Heat 1 tablespoon oil in a large saute pan over medium-high heat. Add the bulgogi and cook until done, about 5 minutes. Transfer the bulgogi with its juices to a bowl and set aside.
Add butter to the same pan and heat until melted. Add the chopped onion and garlic, sauteing until the onion has softened, about 3-4 minutes. Add the chopped kimchi and cook until the kimchi has softened, about 5-6 minutes. Add the bulgogi back into the pan with the juices and stir to combine.
Add the cooked rice into the pan and stir well together. Add the kimchi juices, reduce heat to medium and continue to stir until every grain of rice is coated with the kimchi mixture. Taste and adjust seasoning, adding soy sauce or salt if needed. Portion the kimchi fried rice onto two plates.
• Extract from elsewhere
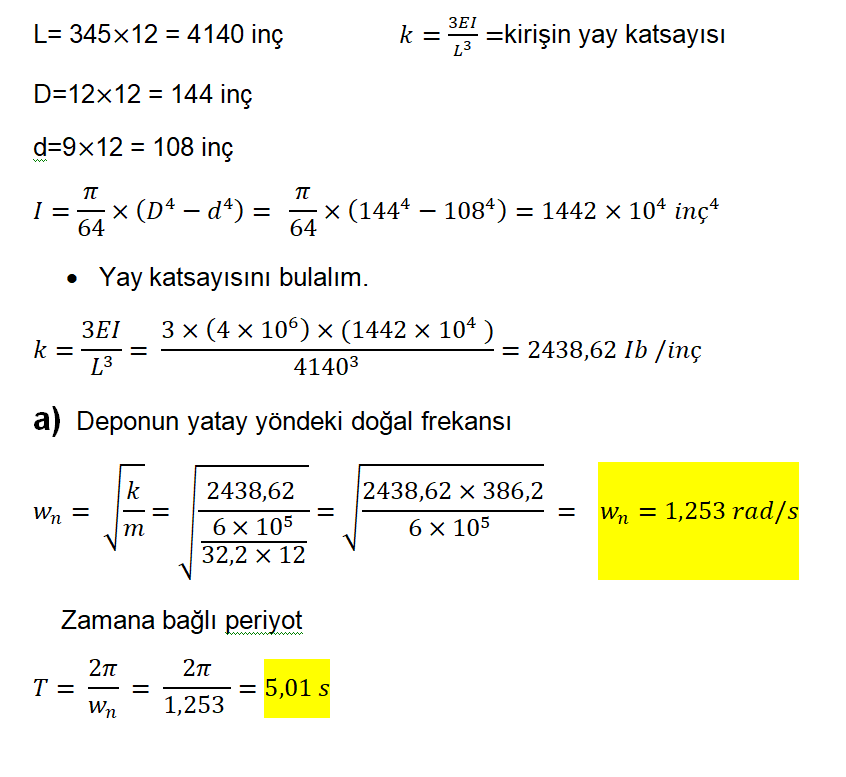 Su tankının sütunu 345 feet yüksekliğindedir. iç çapı 9 feet ve dış çapı 12 feet olan borusal iç kesite sahip takviyeli betondan malüldür tank su dolu iken ağırlığı 6×105 lb kütlesini ihmal ederek ve takviyeli betonun modülü 4 x 106 psi dir.

Meanwhile, heat 1 teaspoon oil in a nonstick pan over medium heat. Whisk together the eggs with the salt. Pour half of the egg mixture into the pan and swirl the pan around to create an even layer of the egg. Once the eggs have set, flip the omelet over and cook on the other side. Remove from the pan and carefully lay on top of the kimchi fried rice. Repeat with the remaining egg. Serve with ketchup if desired.
Notes
You can find marinated bulgogi in Korean supermarkets or large Asian markets. You can also prepare the marinade at home and combine it with thinly sliced ribeye for homemade bulgogi.Season the fried rice with soy sauce and salt if needed. Storebought kimchi and bulgogi can vary in levels of saltiness so adjust the seasoning for the fried rice accordingly.